When you perform file operations such as mounting large files present on a datastore, these operations might fail on an ESXi host. This situation can occur when a memory leak in the buffer cache causes the ESXi host to run out of a memory, for example, when a non-zero copy of data results in buffers not getting freed. An error message similar to the following is displayed on the virtual machine.

The operation on file /vmfs/volumes/5f64675f-169dc0cb/CloudSetup_20160608.iso failed. If the file resides on a remote file system, make sure that the network connection and the server where this disk resides are functioning properly. If the file resides on removable media, reattach the media. Select Retry to attempt the operation again. Select Cancel to end this session. Select Continue to forward the error to the guest operating system. This issue is resolved in this release.

Horizon View recompose operation might fail for desktop VMs residing in NFS datastore
Horizon View recompose operation might fail for a few desktop VMs residing in NFS datastore with Stale NFS file handle error. This issue is resolved in this release.
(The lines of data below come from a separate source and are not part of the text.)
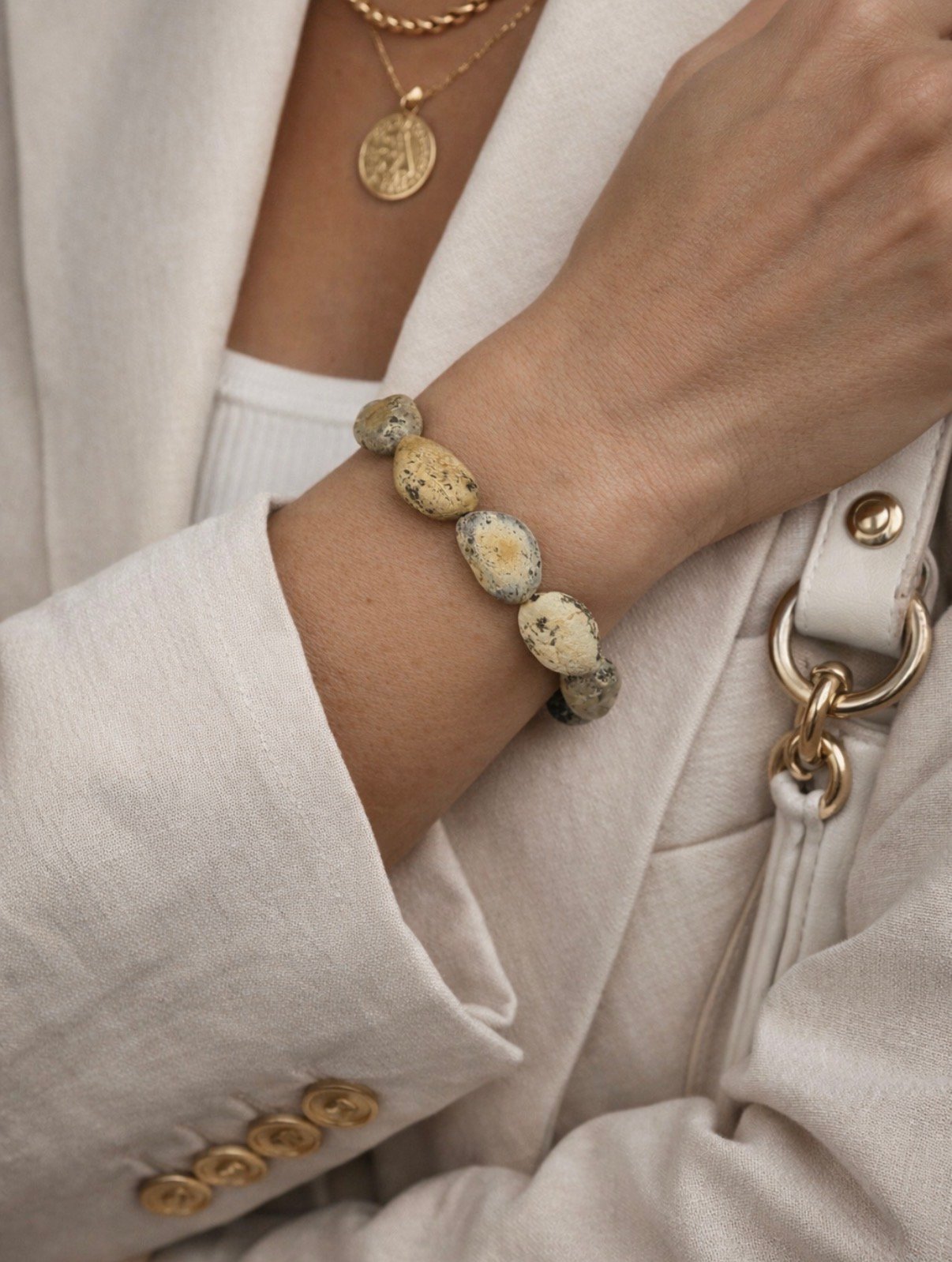 Išskirtinumas: kiekviena detalė unikali, su natūraliu raštu ir gintaro intarpais
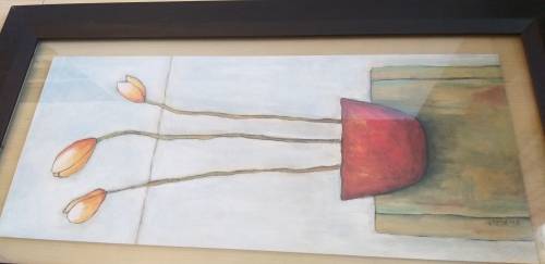 Framed floral print in a wooden frame. size: 51cm x 91cm
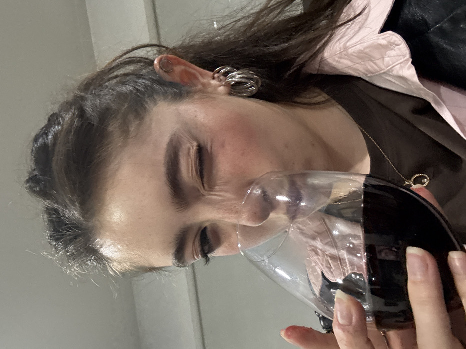 A woman is shown in a tilted, close-up shot, holding a wine glass to her lips
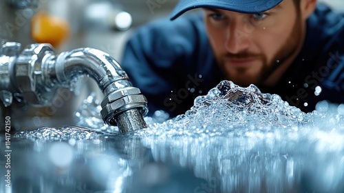 Focused male technician inspects water flow from industrial pipe into tank.
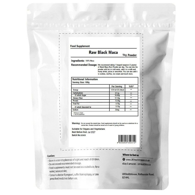 UKHealthHouse Maca Root Powder 100% Pure Peruvian Ginseng Maca Vegan Black Maca Root Powder High Strength Black Peruvian Maca Food Supplement UK (1kg)
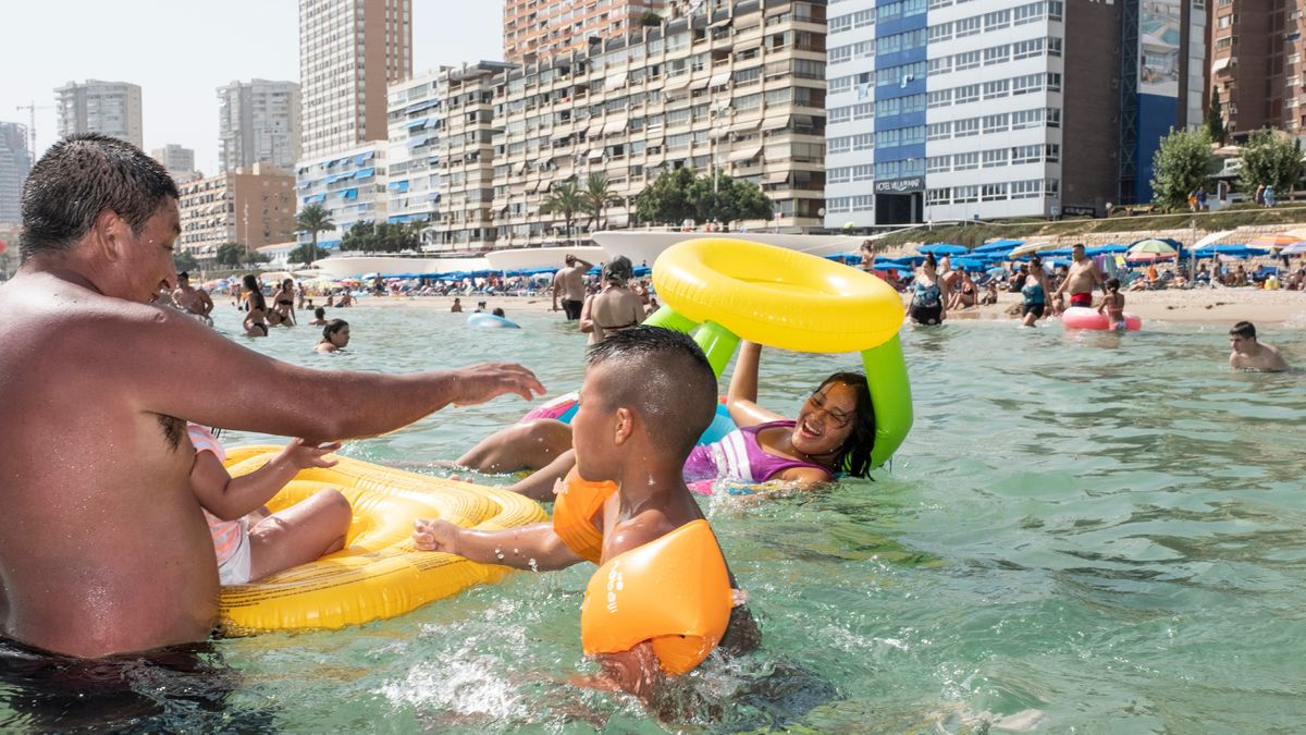 Cada mañana, la playa de Poniente de Benidorm es testigo de una carrera de veraneantes que compiten por plantar su sombrilla en primera línea. Este sábado, como muchas otras veces, los ganadores son los excursionistas del Bus Playero Viajero de Miluzka Arias. Partieron de Madrid a medianoche y han entrado en el municipio alicantino a las 6.30, todavía con noche cerrada. El flop, flop, flop de sus chancletas rompe el silencio de la Avenida Rei Jaume I, la que baja hasta el paseo marítimo. Cargan neveras, sombrillas, coches de bebé y pequeños altavoces para escuchar cumbia y vallenato. Apenas nadie ha podido pegar ojo. Muchos vienen de empalmada tras su jornada en la hostelería, la obra o al cuidado de niños y personas mayores. Pero da igual, el premio lo tienen ya delante. Una playa para ellos solos al amanecer.

Upgrade and Installation Issues

Upgrading ESXi with vSphere Update Manager fails if ESXi was deployed using dd image on USB and /altbootbank contains BOOT.CFG in upper case
An ESXi dd image generated on certain versions of RHEL by using the esxiso2dd utility can contain BOOT.CFG in upper case in /altbootbank. If BOOT.CFG is in upper case, vSphere Update Manager fails to upgrade the host because the upgrade pre-checker accepts boot.cfg in lowercase only. This issue is resolved in this release.

Hostd fails when you upgrade ESXi 5.5.x hosts to ESXi 6.0.x with the ESXi 6.0 patch ESXi600-201611011 or higher
You can observe this issue when you have installed an asynchronous HPSA driver that supports HBA mode. Although ESXi supports getting HPSA disk location information in HBA mode, problems might occur when one of the following conditions is met:
- You installed an old hpssacli utility, version 2.10.14.0 or older.
- You used an external array to connect the HPSA controller.
These problems lead to hostd failures and the host becoming unreachable by vSphere Client and vCenter Server.
This issue is resolved in this release. When you now use the esxcli command to get the disk location information, hostd does not fail. The esxcli command returns an error message similar to the following:
# esxcli storage core device physical get -d naa.500003963c888808 Plugin lsu-hpsa-plugin cannot get information for device with name naa.500003963c888808. Error was: Invalid output for physicaldrive.

vSphere Update Manager upgrade of ESXi booted with dd image on USB might fail when /altbootbank contains BOOT.CFG (uppercase) instead of boot.cfg (lowercase)
ESXi dd image generated on certain versions of RHEL using esxiso2dd utility contains BOOT.CFG (in uppercase) in /altbootbank, presence of BOOT.CFG causes vSPhere Update Manager upgrade of ESXi to fail because the upgrade pre-check looks for boot.cfg in lowercase only.

After upgrade to 6.0, the Image Profile name in the summary tab of the host is not updated properly
When you use the esxcli software profile update command to apply a new Image Profile, the image profile name does not change to the new image profile name. Also when you use the ISO to perform the upgrade, the new image profile name is not marked as Updated. This issue is resolved in this release.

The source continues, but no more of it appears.